What upgrade policy is advised for clustered hypervisors

Hi. I have two LXD hypervisors in a cluster, running a few containers on a ZFS storage. Hypervisors run both on Debian 10, and I would like to upgrade them both to Debian 11. Both lxc and lxd are installed with snap, and are in version 4.18. Both systems have 300+ days of uptime, as do the lxc services (so if the packages are in v4.18, I am not sure in which version are the running services).

My question is a bit general: what upgrade policy would you do to safely upgrade both hypervisors to Debian 11? Must I upgrade both the hypervisors at the same time, or can I move all the containers on one hypervisor, upgrade the other, then move all the containers to the updated hypervisor, and then upgrade the other?

I was thinking of:

  1. Do applicative backups of the containers. Store them somewhere safe.
  2. Do snapshots of the containers.
  3. Restart all the containers, to be sure they can.
  4. Restart the lxd services on both hypervisors, to be sure they can.
  5. Evacuate hypervisor A from the cluster. Then reboot it, to be sure it can.
  6. Plug back hypervisor A in the cluster, then evacuate hypervisor B, and then reboot it, to be sure it can.
  7. Plug back hypervisor B. Take a coffee.
  8. Evacuate hypervisor A. Upgrade Debian. Reboot.
  9. Plug back hypervisor A. Evacuate hypervisor B. Upgrade Debian. Reboot.
  10. Plug back hypervisor B.
  • Does it seem reasonable to you?
  • What can go wrong in this process?
  • What would you do to prevent things to go wrong?
  • What documentation piece should I read that I missed?

Thank you for your help.

Since LXD itself won’t change version and only the underlying OS will, you can update in whatever order you want and don’t need all servers to be on the same version.

As far as LXD will notice, it will just see differing kernels versions, but that’s perfectly fine.

One thing to be careful with the newer Debian is that it uses cgroup2 by default, so older containers may have a hard time booting (Ubuntu 16.04 for example won’t, I suspect CentOS 7 and the like will similarly fail). You could minimize that problem by forcing your Debian 11 systems to still run in cgroup1 mode.

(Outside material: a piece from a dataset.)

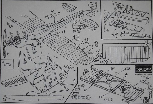Модель из смолы от фирмы Kora в масштабе 1/72 (номер по каталогу 72187) упакована в картонную коробку с верхним открытием. В наборе представлена санитарная версия данного самолёта. Качество литья весьма среднее, присутствуют дефекты и облой. Практически все мелкие детали требуется или доработать, или изготовить заново. Интересным «бонусом» в наборе является транспортировочная тележка. Декали даны на два варианта и смотрятся хорошо. Инструкция выглядит неаккуратной и довольно малопонятной.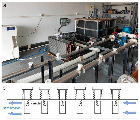 The erosion–corrosion test device: (a) the device in the laboratory; (b) the device schematic.

If lxc info shows you’re running LXD 4.18, then LXD itself restarted recently and you’ll be fine on that front. Trying to restart the containers may be a good idea indeed, though as mentioned above, cgroup2 on Debian 11 may make them fail post-OS upgrade unfortunately.

Testing the evacuation ahead of time is probably a good plan too. In my case I do it weekly as I apply kernel updates on my servers so I know it will work, but if you never did it before, it’s probably a good idea to try it and make sure that the containers do actually get evacuated and not just stopped.

1 Like

Thanks for your answer.

Good news. It seems it is already 4.18.

lxc info | grep server_version
server_version: "4.18"

Also it seems cgroup2 is already there:

lxc info | grep cgroup
cgroup2: "true"

That indicates whether liblxc supports cgroup2, it doesn’t tell you what your host uses. For that, you’ll want to look at /sys/fs/cgroup and what it contains.

A pure cgroup1 setup would have per-controller directories and no unified directory.
A hybrid setup (most common) will have cgroup1 + unified directory.
A pure cgroup2 setup will only have a unified tree (similar to content of unified directory).

My understanding is that Debian 11 uses pure cgroup2, though maybe not for folks upgrading. In any case, something to keep an eye on.

Setting systemd.unified_cgroup_hierarchy=false on the kernel command line should force systemd back into a hybridge cgroup1 mode.

1 Like

I have the unified directory:

% ls /sys/fs/cgroup
blkio  cpu  cpuacct  cpu,cpuacct  cpuset  devices  freezer  memory  net_cls  net_cls,net_prio  net_prio  perf_event  pids  rdma  systemd  unified

And I also have some lxc.monitor.XXXX and lxc.payload.XXXX directories in almost every /sys/fs/cgroup subdirectory, where XXXX is the names of the containers. This would mean I have an hybrid setup as you thought?

I am curious, the daemon can be restarted without the containers being restarted? I thought systemctl restart lxd would have restarted all the containers.

sudo systemctl reload snap.lxd.daemon will restart just the daemon and not the instances.

How to know what kind of container will have trouble? All of my containers are Alpine 3.14 (so quite recent) Is there some checks that can be done to know for sure?

Ok so this is why it is a good idea to provently restart the containers.

IIRC, for systemd-based distributions such as Debian or CentOS, systemd support cgroups v2 since version 226, this could be a first indicator. For Alpine, I don’t know tbh since it use OpenRC as init system.